On your condition example, just to clarify for others; it works that way because you only have one condition, my examples have two conditions.
thank you! Very clear and comprehensive guide 🙂
Good article. Better than any I have seen done before. One point to be clear on, you are absolutely correct that the format does not affect the underlying value. However, I don’t think you can say “…it doesn’t alter the underlying value that you can see in the formula bar”. If you input a number like 43000 and format it as a date then it does affect what you see in the formula bar. Even if you format it as a percentage it changes what you see in the formula bar slightly.

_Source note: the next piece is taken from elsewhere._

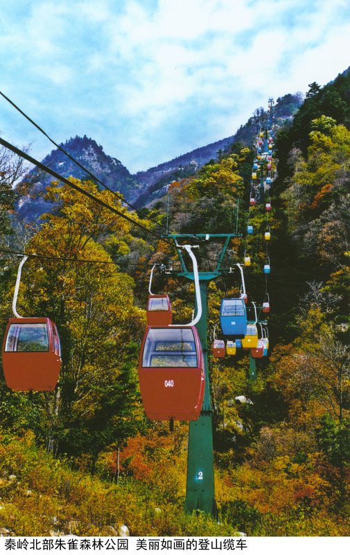 秦岭北部朱雀森林公园 美丽如画的登山缆车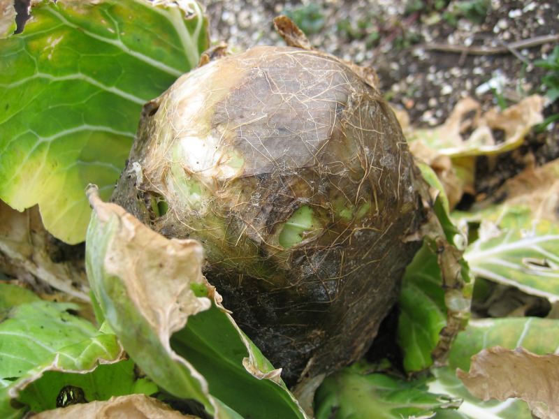 傷んだ葉を何枚か剥いてみると、青々としたキャベツが出てきました。

Ooh, good point, Jonathan. Thanks!
Excellent workbook and a great resource! I know I will refer to it often. Thank you!
Thanks, Cindy. I’m glad you’ll find it useful.
Thanks Mynda for a most useful guide.
Cheers, Serge 🙂
Bob Van Winter
Thank you Mynda for the insight into custom number formatting. I have a question. Is there a way to build your own custom number formatting? I need to have a field in my spreadsheets that is a letdown ratio ie: 25 to 1. I currently need to format the column as text and type 25:1. I’d like to be able to have the column as a custom number format rather than as text.
You could try this:
This will format any number as :1 e.g. 25:1 or 30:1 etc.
Thank Mynda for an excellent guide on HOW TO with Custom Number Formatting.
Now I don’t have to wreck my brain to figure out How.